MicroRNA families are ubiquitous in the human transcriptome, yet targeting of individual members is challenging because of sequence homology. Many secondary structures of the precursors to these miRNAs (pri- and pre-miRNAs), however, are quite different. Here, we demonstrate both in vitro and in cellulis that design of structure-specific small molecules can inhibit a particular miRNA family member to modulate a disease pathway. The miR-200 family consists of five miRNAs, miR-200a, -200b, -200c, -141, and -429, and is associated with type 2 diabetes (T2D). We designed a small molecule that potently and selectively targets pre-miR-200c’s structure and reverses a pro-apoptotic effect in a pancreatic β cell model. In contrast, an oligonucleotide targeting the RNA’s sequence inhibited all family members. Global proteomics and RNA sequencing analyses further demonstrate selectivity for miR-200c. Collectively, these studies establish that miR-200c plays an important role in T2D, and small molecules targeting RNA structure can be an important complement to oligonucleotides.

MicroRNA 家族在人类转录组中无处不在，但由于序列同源性，靶向单个成员具有挑战性。然而，这些 miRNA 前体（pri- 和 pre-miRNA）的许多二级结构非常不同。在这里，我们展示了体外和蜂窝组织结构特异性小分子的设计可以抑制特定的 miRNA 家族成员来调节疾病途径。

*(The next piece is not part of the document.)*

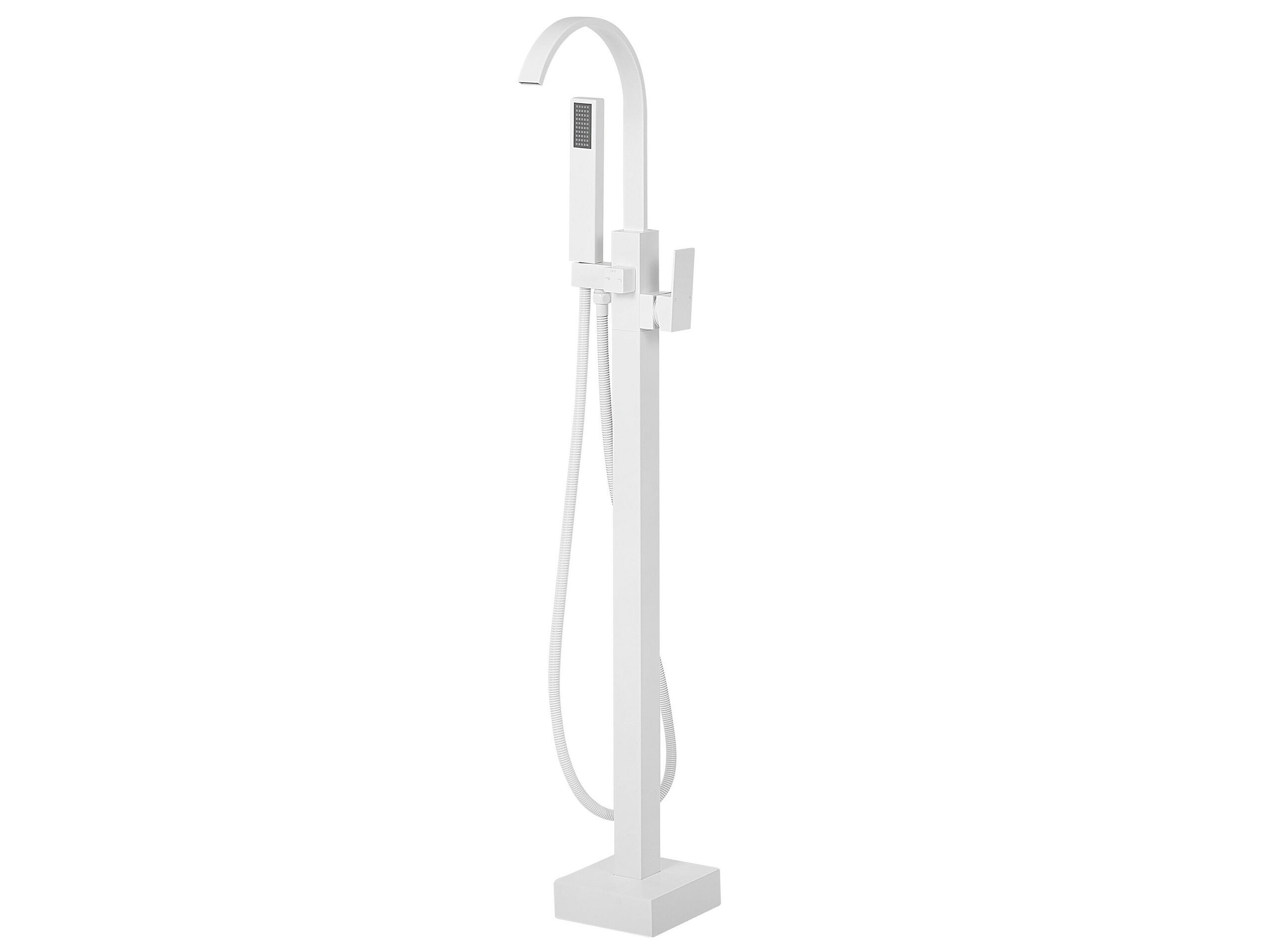 This freestanding bathtub faucet adds a modern touch to every bathroom. Featuring a white finish, it is made of high-quality brass for durability and easy maintenance. The hand-held shower head and curved mixer tap are convenient to use, while the contemporary design adds a stylish accent to your bathroom. Details: Color: White. Main material: Brass. Additional material: Synthetic Material, Stainless Steel, Zinc. Weight: 4 Assembly: Requires Installation and Assembly

miR-200 家族由五个 miRNA 组成，miR-200a、-200b、-200c、-141 和 -429，与 2 型糖尿病 (T2D) 相关。我们设计了一种小分子，可有效且选择性地靶向 pre-miR-200c 的结构并逆转胰腺 β 细胞模型中的促凋亡作用。相比之下，靶向 RNA 序列的寡核苷酸抑制所有家族成员。全局蛋白质组学和 RNA 测序分析进一步证明了 miR-200c 的选择性。总的来说，这些研究表明 miR-200c 在 T2D 中起着重要作用，靶向 RNA 结构的小分子可以成为寡核苷酸的重要补充。